→ EXERCISE GOAL
Will you write out, word for word, every line from the one with "Number of rooms" to the final line of the data below, with the pictures left out?

---

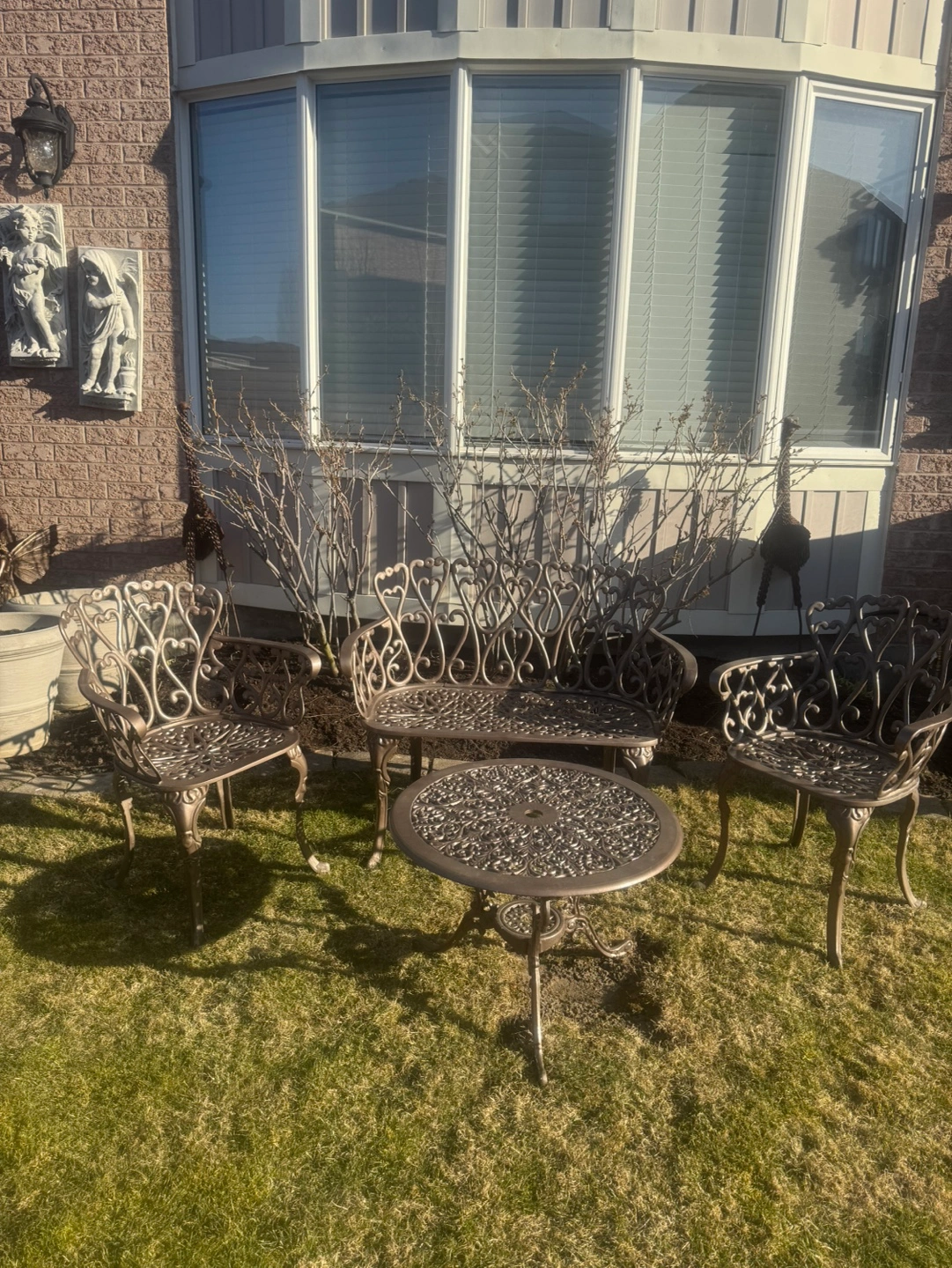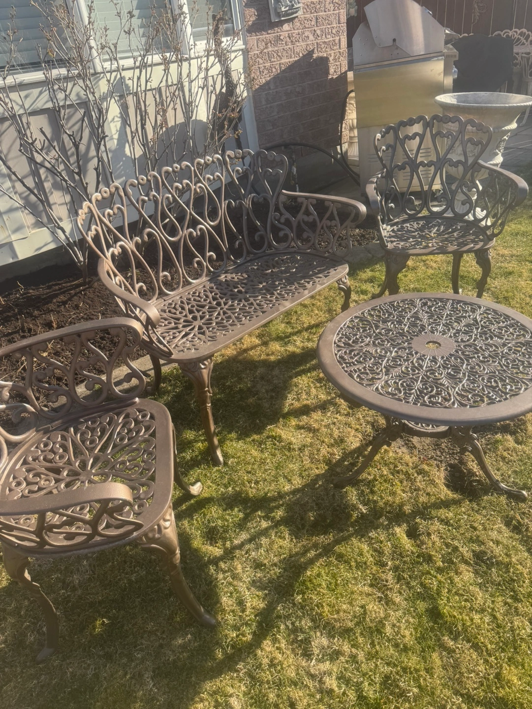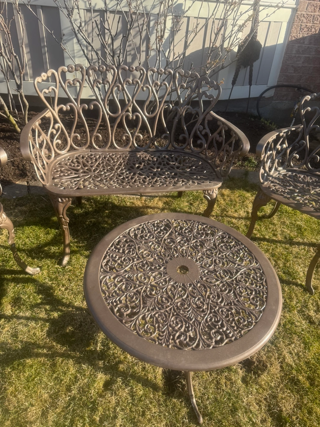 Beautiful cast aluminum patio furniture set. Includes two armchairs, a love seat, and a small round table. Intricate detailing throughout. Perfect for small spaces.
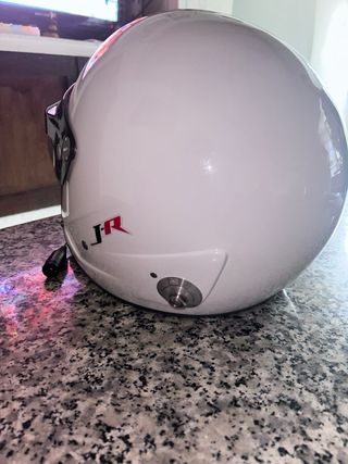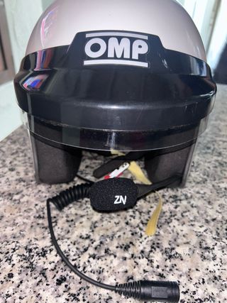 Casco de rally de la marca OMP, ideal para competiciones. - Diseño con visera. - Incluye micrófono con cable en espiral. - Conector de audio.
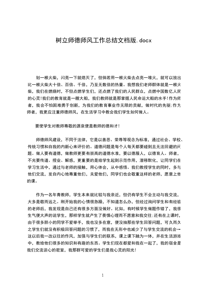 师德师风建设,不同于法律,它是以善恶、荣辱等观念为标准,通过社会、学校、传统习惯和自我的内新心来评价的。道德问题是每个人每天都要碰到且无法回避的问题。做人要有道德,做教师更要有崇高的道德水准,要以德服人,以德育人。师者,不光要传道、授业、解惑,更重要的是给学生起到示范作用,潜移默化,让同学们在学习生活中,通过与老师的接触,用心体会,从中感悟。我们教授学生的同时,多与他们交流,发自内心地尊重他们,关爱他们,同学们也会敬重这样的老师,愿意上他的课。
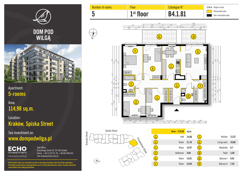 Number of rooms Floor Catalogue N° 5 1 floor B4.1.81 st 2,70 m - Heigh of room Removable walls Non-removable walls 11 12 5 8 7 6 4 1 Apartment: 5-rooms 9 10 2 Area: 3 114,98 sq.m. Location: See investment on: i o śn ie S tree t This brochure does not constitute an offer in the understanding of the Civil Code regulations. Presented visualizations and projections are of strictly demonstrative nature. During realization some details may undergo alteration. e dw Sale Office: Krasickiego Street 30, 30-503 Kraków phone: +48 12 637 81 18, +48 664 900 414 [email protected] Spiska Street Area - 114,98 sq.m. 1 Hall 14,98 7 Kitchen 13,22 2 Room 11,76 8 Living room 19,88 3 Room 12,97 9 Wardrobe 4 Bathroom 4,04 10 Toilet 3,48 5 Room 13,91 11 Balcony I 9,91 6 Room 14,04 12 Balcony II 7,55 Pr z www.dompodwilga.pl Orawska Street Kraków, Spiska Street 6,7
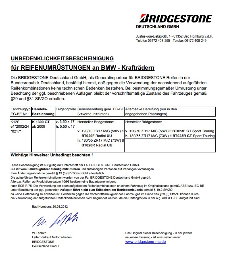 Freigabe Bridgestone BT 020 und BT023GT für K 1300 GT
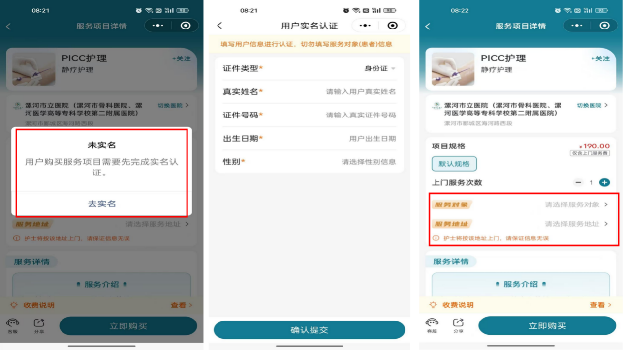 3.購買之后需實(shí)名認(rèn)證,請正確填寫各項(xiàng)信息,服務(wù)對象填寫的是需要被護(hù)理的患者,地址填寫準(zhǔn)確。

---

→ THE COMPLETED TASK
 Number of rooms Floor Catalogue N° 5 1 floor B4.1.81 st 2,70 m - Heigh of room Removable walls Non-removable walls 11 12 5 8 7 6 4 1 Apartment: 5-rooms 9 10 2 Area: 3 114,98 sq.m. Location: See investment on: i o śn ie S tree t This brochure does not constitute an offer in the understanding of the Civil Code regulations. Presented visualizations and projections are of strictly demonstrative nature. During realization some details may undergo alteration. e dw Sale Office: Krasickiego Street 30, 30-503 Kraków phone: +48 12 637 81 18, +48 664 900 414 [email protected] Spiska Street Area - 114,98 sq.m. 1 Hall 14,98 7 Kitchen 13,22 2 Room 11,76 8 Living room 19,88 3 Room 12,97 9 Wardrobe 4 Bathroom 4,04 10 Toilet 3,48 5 Room 13,91 11 Balcony I 9,91 6 Room 14,04 12 Balcony II 7,55 Pr z www.dompodwilga.pl Orawska Street Kraków, Spiska Street 6,7
 Freigabe Bridgestone BT 020 und BT023GT für K 1300 GT
 3.購買之后需實(shí)名認(rèn)證,請正確填寫各項(xiàng)信息,服務(wù)對象填寫的是需要被護(hù)理的患者,地址填寫準(zhǔn)確。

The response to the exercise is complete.